En 2023, la Commission européenne, par la voix de son commissaire de l’époque, Thierry Breton, avait pris des décisions : « À partir d’aujourd’hui, la Commission européenne n’achètera pas de services de connectivité reposant sur des équipements de Huawei et ZTE. Nous demandons à nos services de connectivité et à nos fournisseurs de se libérer de Huawei et de ZTE. Cela s’applique aux nouveaux contrats et aux contrats existants [et] à tous les établissements de la Commission européenne et nous demandons aux autres institutions de l’UE de faire de même ».

Face à ces accusations, Huawei a contre-attaqué en multipliant les campagnes de communication et les actions de lobbying pour défendre son intégrité et préserver ses parts de marché en Europe.

Le constructeur avait d’ailleurs réagi en déclarant dans un communiqué : « Désigner publiquement une entreprise comme un fournisseur à haut risque sans fondement juridique va à l’encontre des principes du libre-échange. Cette qualification discriminatoire ne devrait jamais être appliquée sans procédure justifiée et sans audition adéquate. »

Il convient d’ailleurs de noter que le responsable de la cybersécurité du groupe n’est autre que l’ancien directeur informatique du gouvernement anglais – John Suffolk. À ce jour, il n’a jamais été démontré que les produits et technologies Huawei contenaient des malwares, logiciels d’espionnage ou chevaux de Troie. Et, ce, malgré des centaines d’analyses effectuées en Europe ou aux États-Unis.

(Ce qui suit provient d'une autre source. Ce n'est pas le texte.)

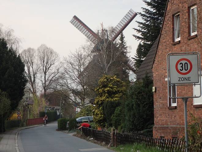 Kirchdorfer Straße Schönenfelder Straße 18.30 Uhr / Km 33,0 Der 2. Grüne Ring führte hier entlang zu Wilhelmsburger Windmühle Johanna aus dem Jahre 1875. |
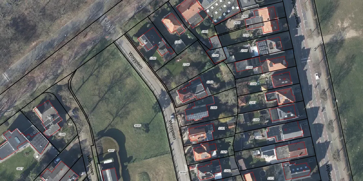 Het perceel waarop Worpplein 13 staat heeft een oppervlakte van 460 m². Dit is een groot perceel. De perceeloppervlakte wordt geregistreerd door het Kadaster. Gedetailleerde informatie over de maten van dit perceel kunt u vinden in het rapport Kadastrale kaart met maatvoering van Worpplein 13.

De manière plus globale, si Huawei reste présent sur le marché européen des télécommunications, son horizon s’assombrit dans le secteur de la 5G. L’Europe privilégie désormais la prudence, quitte à se priver des technologies avancées du géant chinois. Une situation qui pourrait redessiner durablement le paysage des télécommunications sur le Vieux Continent. Cette réorientation profite aux équipementiers européens Nokia et Ericsson, qui s’imposent comme les alternatives de choix pour les opérateurs du continent. Un retour de balancier qui illustre la volonté européenne de reprendre la main sur ses infrastructures critiques.